Hi
On 14/03/13 02:59, Steve Karlovic wrote:
Hello,
I am using CXF for RESTful services. I would like to capture the time it takes
to marshal the response separately from the time it takes to write the response
and send it to the client. It seems like the JAXRSOutInterceptor is responsible
for the marshalling. Immediately after marshalling it appears that the write
occurs as well. Is there a way to have a method I write in my own class to be
called as soon as the response is marshalled but before the data is sent? Is
there another interceptor I should be looking at as well? We are using 2.6.1.
Assuming it is JAXB, what you can do is to register a custom
XMLStreamWriter which will calculate the time between writeStartDocument
and writeStartDocument.
The custom writer can be registered from the out CXF interceptor or
ResponseHandler filter, like this:
http://svn.apache.org/repos/asf/cxf/trunk/systests/jaxrs/src/test/java/org/apache/cxf/systest/jaxrs/XmlStreamWriterProvider.java
(see the two lines within the 'if' branch), on the trunk it is JAX-RS
2.0 ContainerResponseFilter which does it, but the same two lines will
work in CXF 2.6.2 when done from the interceptor or ResponseHandler filter.
The actual custom interceptor may look like this:
http://svn.apache.org/repos/asf/cxf/trunk/systests/jaxrs/src/test/java/org/apache/cxf/systest/jaxrs/XmlStreamWriterProvider.java
except that all you will have to do is to override writeStartDocument &
writeEndDocument instead
This will give you the time it takes to marshal.
Catching the actual time when the response has been sent can be trickier
I guess. In JAX-RS 2.0 one can use
http://jax-rs-spec.java.net/nonav/2.0-SNAPSHOT/apidocs/javax/ws/rs/container/CompletionCallback.html
CXF will actually callback on it when the relevant async servlet
callback is called, so it can be really close.
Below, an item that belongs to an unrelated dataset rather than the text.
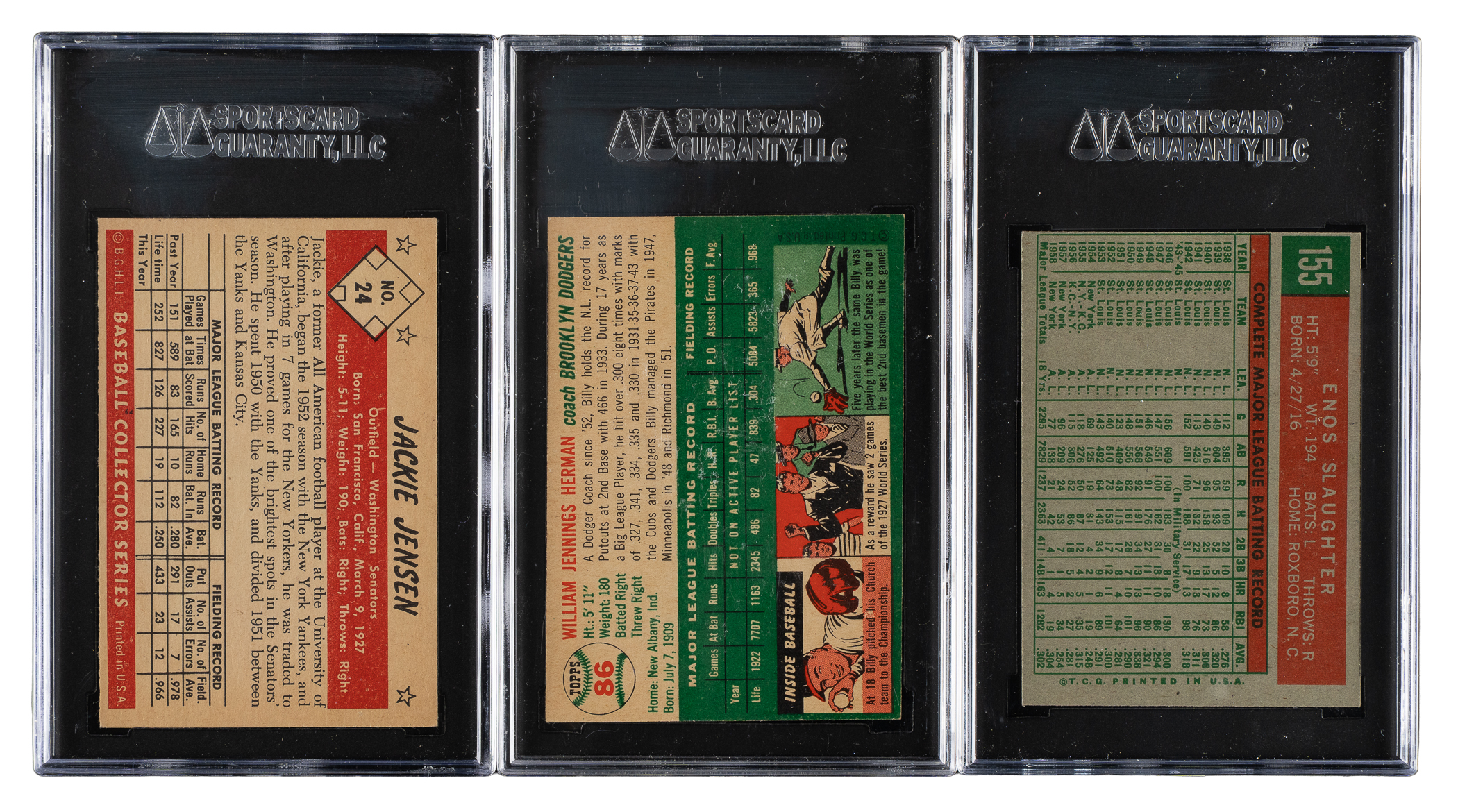 Trio of 1953 to 1959 Topps and Bowman cards, featuring New York Yankees Hall of Famer Enos Slaughter. Each card has been graded and encapsulated NM 84 by SGC. This trio consists of the following: 1) 1953 Bowman Color #24 Jackie Jensen. 2) 1954 Topps #86 Billy Herman. 3) 1959 Topps #155 Enos Slaughter. Total: 3 cards.

but that will work for the code using 2.0 AsyncResponse only, starting
from 2.7.x.
I guess, what you can try to do is to replace an OutputStream on the
message,
OutputStream os = outMessage.getContent(OutputStream.class);
and wrap it with some filtered output stream that will catch when say
flush() is called, I'm not exactly sure how precise the data you can get
with this approach. Another option may be is to replace
HttpServletResponse with a wrapper (can be done from a servlet filter or
even from CXF interceptor, it is registered on the inbound message as
"HTTP.RESPONSE"), and override its ServletOutputStream, etc.